■ WORK TASK ■
Return the listing exactly. Keep no pictures.

^^^^^^^^

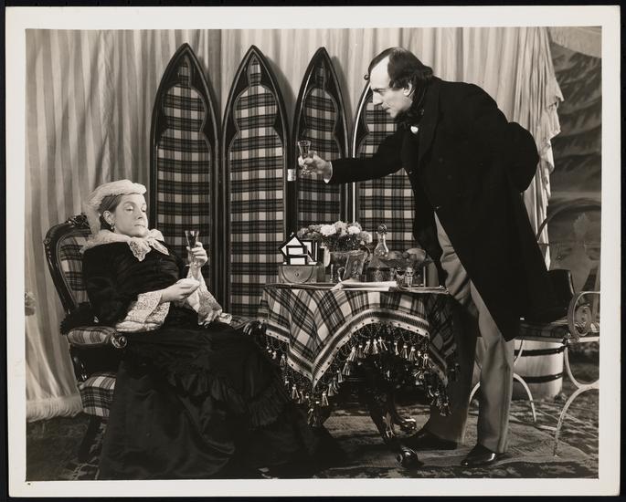 [Helen Hayes as Victoria and Vincent Price as Prince Albert in "Victoria Regina".]
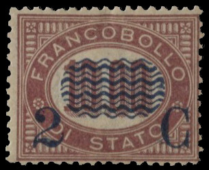 Italia - Regno - 10 cent (36)1878 Regno - Mascherina 2 cent su 10 lire - cert. Raybaudi - (36)
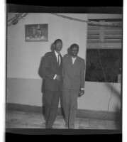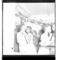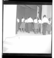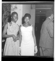 Two women, one wearing a dress and hat and the other wearing a dress, holding each other's hands and standing in profile in a room in front of a window.
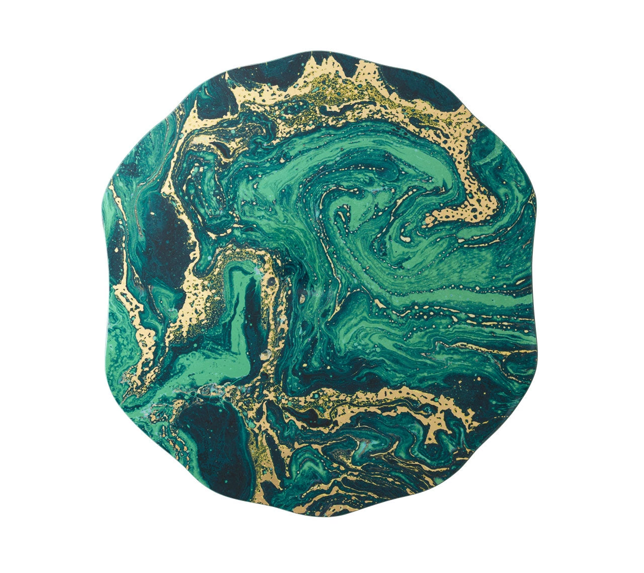 The celestial inspired round Cosmos Placemat is the perfect contemporary placemat for any kind of entertaining. Intricate marbling in bursts of emerald greens creates a heavenly effect. These easy to clean round placemats are finished with a lacquer coating, protecting the intricate marble design and adding a beautiful sheen.
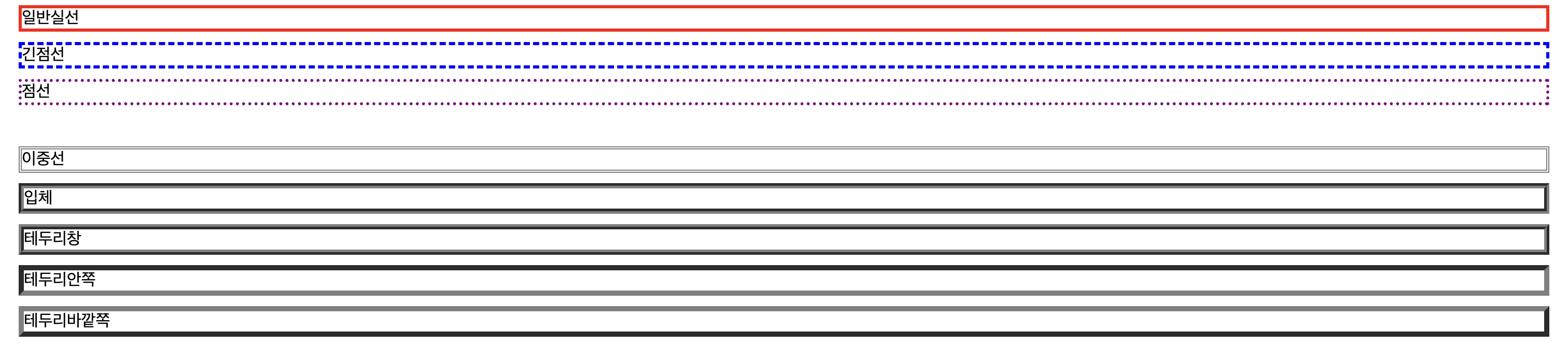 border : width선의 굵기 style선의 스타일 border-color선의 색상*/
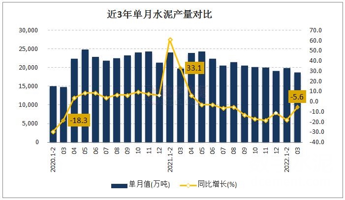 2022年一季度,全國(guó)累計(jì)水泥產(chǎn)量3.87億噸,同比下降12.1%,降幅較1-2月收窄5.7個(gè)百分點(diǎn),去年同期為增長(zhǎng)47.3%;3月份,全國(guó)單月水泥產(chǎn)量1.87億噸,同比下降5.6%,但仍處于2018年以來(lái)同期次好水平。
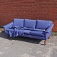 Tre personers sofa med stel i lakeret teaktræ. Sofaen er betrukket med et multifarvet glat stof og ekstra stof medfølger.
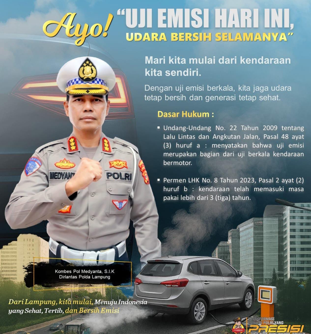 Dalam poster resmi yang dirilis Ditlantas Polda Lampung, Kombes Pol Medyanta menegaskan bahwa kendaraan bermotor merupakan salah satu kontributor utama pencemaran udara di wilayah perkotaan. Oleh karena itu, uji emisi secara berkala menjadi langkah nyata dalam menciptakan udara bersih dan menjaga kesehatan generasi masa depan.
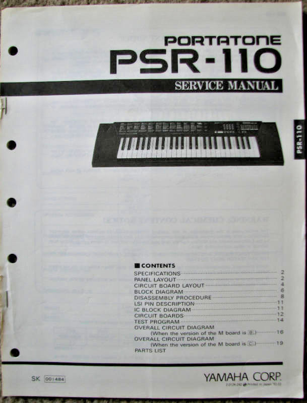 Original Yamaha Service Manual for PSR PortaTone Keyboards. Take your pick, for repair and for circuit bending.
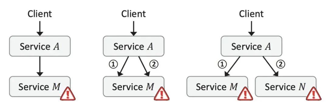 比如在一个转账服务下,需要查询分别两者的卡号, 再查询 A 时成功了,但查询 B 失败,对于查卡号这个事件就算失败了,比如查询成功率只有 50%, 那对于查询两者卡号这个成功率只有 50% * 50% = 25% 了, 一个事件调用的服务次数越多,那成功率就会越低。
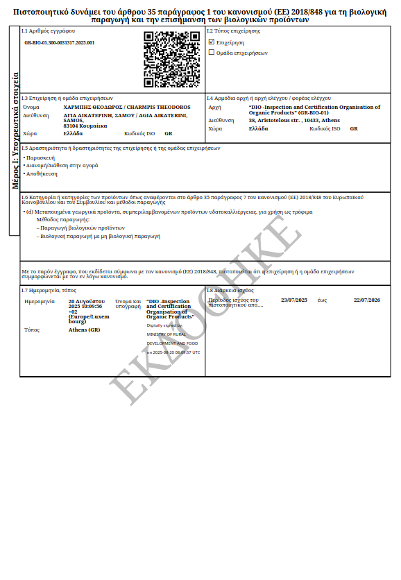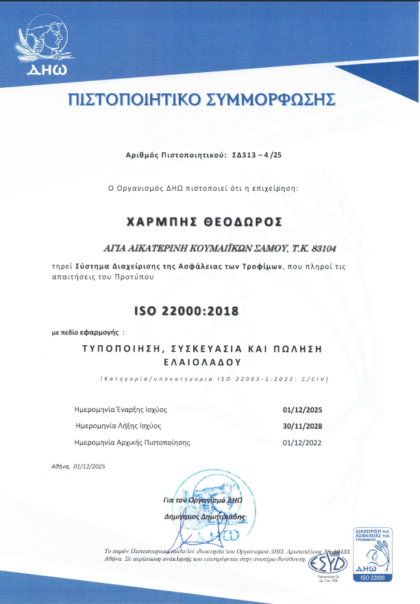 Στόχος μας είναι η προστασία του περιβάλλοντος και η διασφάλιση της ποιότητας και της υγιεινής του ελαιόλαδου. Για το λόγο αυτό πιστοποιήσαμε όλη τη διαδικασία παραγωγής από τον ελαιώνα μέχρι την τελική συσκευασία.
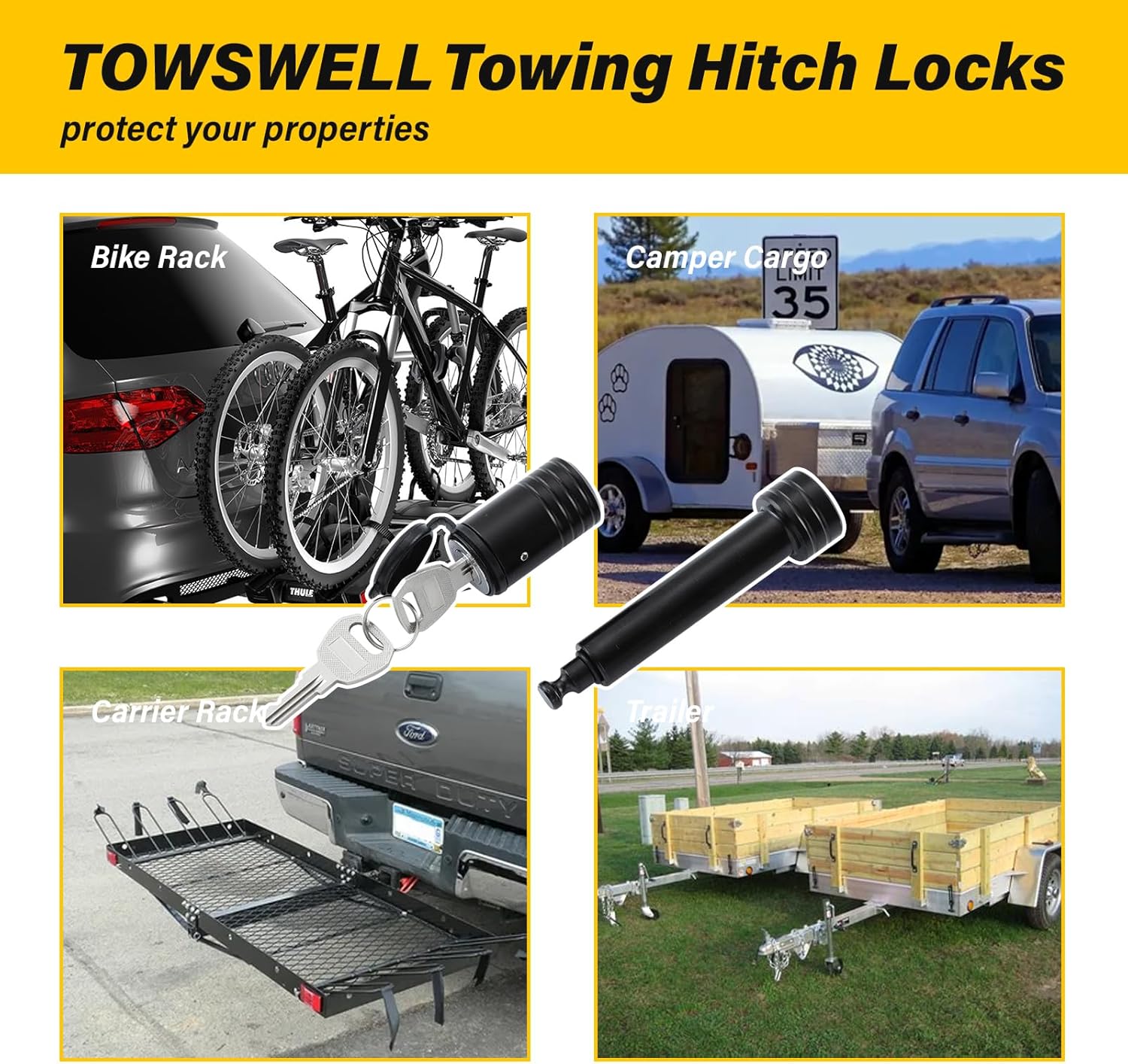 - Black coated finish, resists rust and corrosion no matter what the weather is, so you can always tow safe. With all-weather rubber key slot cap, keeps the internal keyhole away from moisture, dust and rust

^^^^^^^^

■ TASK ANSWER ■
 [Helen Hayes as Victoria and Vincent Price as Prince Albert in "Victoria Regina".]
 Italia - Regno - 10 cent (36)1878 Regno - Mascherina 2 cent su 10 lire - cert. Raybaudi - (36)
 Two women, one wearing a dress and hat and the other wearing a dress, holding each other's hands and standing in profile in a room in front of a window.
 The celestial inspired round Cosmos Placemat is the perfect contemporary placemat for any kind of entertaining. Intricate marbling in bursts of emerald greens creates a heavenly effect. These easy to clean round placemats are finished with a lacquer coating, protecting the intricate marble design and adding a beautiful sheen.
 border : width선의 굵기 style선의 스타일 border-color선의 색상*/
 2022年一季度,全國(guó)累計(jì)水泥產(chǎn)量3.87億噸,同比下降12.1%,降幅較1-2月收窄5.7個(gè)百分點(diǎn),去年同期為增長(zhǎng)47.3%;3月份,全國(guó)單月水泥產(chǎn)量1.87億噸,同比下降5.6%,但仍處于2018年以來(lái)同期次好水平。
 Tre personers sofa med stel i lakeret teaktræ. Sofaen er betrukket med et multifarvet glat stof og ekstra stof medfølger.
 Dalam poster resmi yang dirilis Ditlantas Polda Lampung, Kombes Pol Medyanta menegaskan bahwa kendaraan bermotor merupakan salah satu kontributor utama pencemaran udara di wilayah perkotaan. Oleh karena itu, uji emisi secara berkala menjadi langkah nyata dalam menciptakan udara bersih dan menjaga kesehatan generasi masa depan.
 Original Yamaha Service Manual for PSR PortaTone Keyboards. Take your pick, for repair and for circuit bending.
 比如在一个转账服务下,需要查询分别两者的卡号, 再查询 A 时成功了,但查询 B 失败,对于查卡号这个事件就算失败了,比如查询成功率只有 50%, 那对于查询两者卡号这个成功率只有 50% * 50% = 25% 了, 一个事件调用的服务次数越多,那成功率就会越低。
 Στόχος μας είναι η προστασία του περιβάλλοντος και η διασφάλιση της ποιότητας και της υγιεινής του ελαιόλαδου. Για το λόγο αυτό πιστοποιήσαμε όλη τη διαδικασία παραγωγής από τον ελαιώνα μέχρι την τελική συσκευασία.
 - Black coated finish, resists rust and corrosion no matter what the weather is, so you can always tow safe. With all-weather rubber key slot cap, keeps the internal keyhole away from moisture, dust and rust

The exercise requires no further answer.